Print first few values of buffer

for i in range(10):
    print(hex(input_buffer[i]))
0xcafe0000
0xcafe0001
0xcafe0002
0xcafe0003
0xcafe0004
0xcafe0005
0xcafe0006
0xcafe0007
0xcafe0008
0xcafe0009

Now we are ready to carry out DMA transfer from a memory block in DDR to FIFO.

dma_send.transfer(input_buffer)

Write DMA

Let’s read the data back from FIFO stream, and write to MM memory. The steps are similar.

We will prepare an empty array before reading data back from FIFO.

Print first few values of buffer

(Check buffer is empty)

output_buffer = allocate(shape=(data_size,), dtype=np.uint32)

for i in range(10):
    print('0x' + format(output_buffer[i], '02x'))
0x00
0x00
0x00
0x00
0x00
0x00
0x00
0x00
0x00
0x00
dma_recv.transfer(output_buffer)

The next cell will print out the data received from PL (streaming FIFO) to PS (DDR memory). This should be the same as the data we sent previously.

Print first few values of buffer

for i in range(10):
    print('0x' + format(output_buffer[i], '02x'))
0xcafe0000
0xcafe0001
0xcafe0002
0xcafe0003
0xcafe0004
0xcafe0005
0xcafe0006
0xcafe0007
0xcafe0008
0xcafe0009

Verify that the arrays are equal

print("Arrays are equal: {}".format(np.array_equal(input_buffer, output_buffer)))
Arrays are equal: True

Check DMA status, and trigger an error

Check the error and idle status

dma_recv.error?
dma_recv.error
False
dma_recv.idle?
dma_recv.idle
True

First we will start a transfer, and check the DMA is not idle. We will then try to start another DMA transfer which shoudl trigger an error.

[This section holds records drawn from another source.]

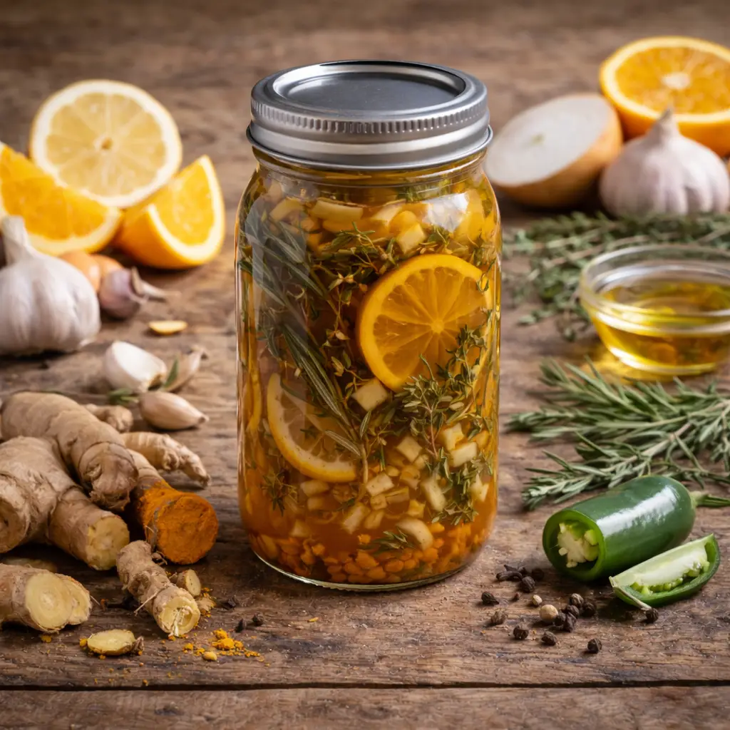 This version is slow-infused with lemon, orange, onion, garlic, jalapeño, thyme, rosemary, oregano, cloves, turmeric, ginger, and horseradish — ingredients long valued in folk traditions for their warming, stimulating, and supportive qualities. The result is a strong, invigorating tonic meant to be used regularly or as needed when immune support feels especially important.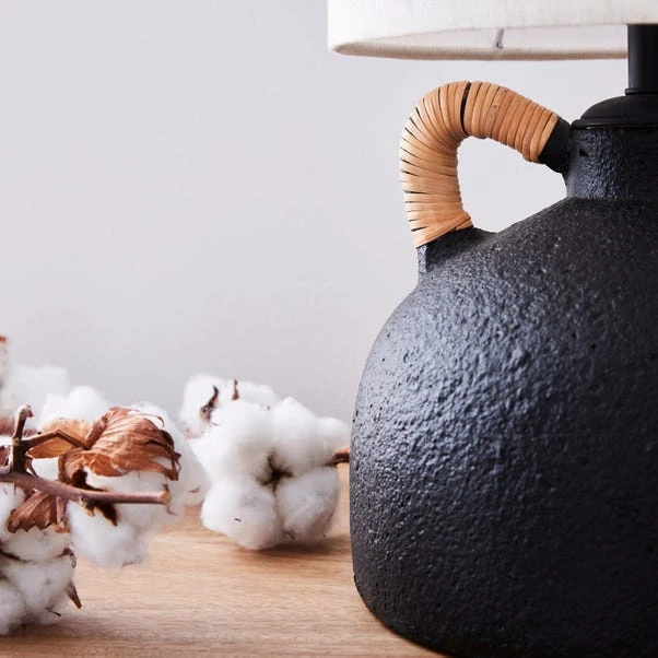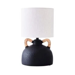 Illuminate your surroundings with the Zuri Traditional Ceramic Handle Table Lamp. Its plain handcrafted design, coupled with two unique handles, boasts an unusual shape that catches the eye. The cream/white polyester shade complements the lamp’s aesthetic, producing a wonderfully bright glow. Featuring an ES/E27 Edison Screw cap type and an in-line switch, this lamp is a perfect blend of form and function—a distinctive statement piece that effortlessly fills your room with radiant light.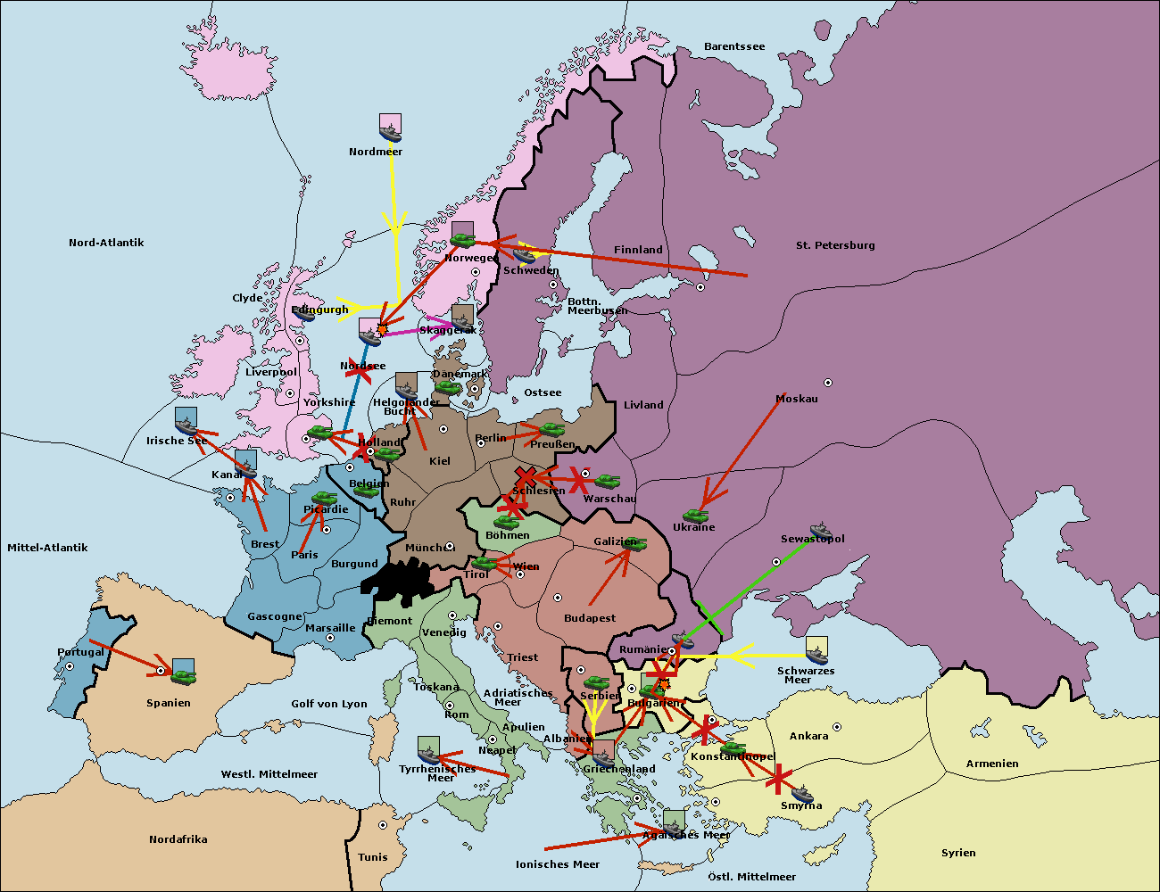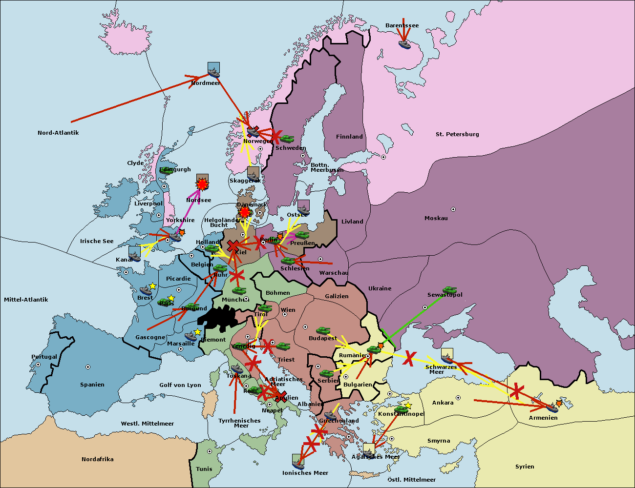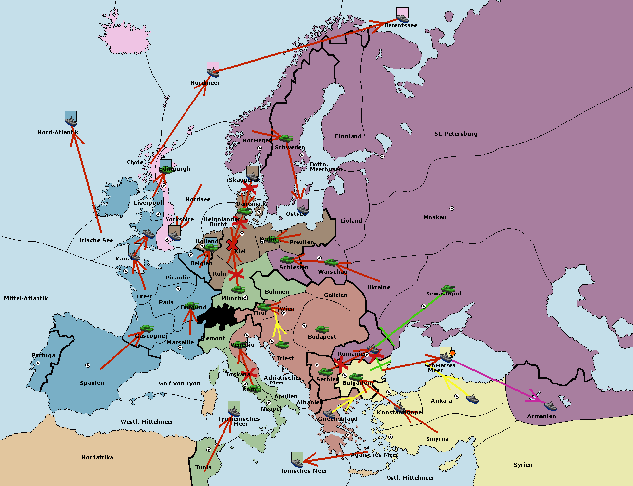 • Die Armee in Bulgarien wird zerstörtFlotte in Bulgarien gebaut.

dma_recv.transfer(output_buffer)
dma_recv.idle
False

Start another receive transfer while the DMA is not idle

dma_recv.transfer(output_buffer)
---------------------------------------------------------------------------

RuntimeError                              Traceback (most recent call last)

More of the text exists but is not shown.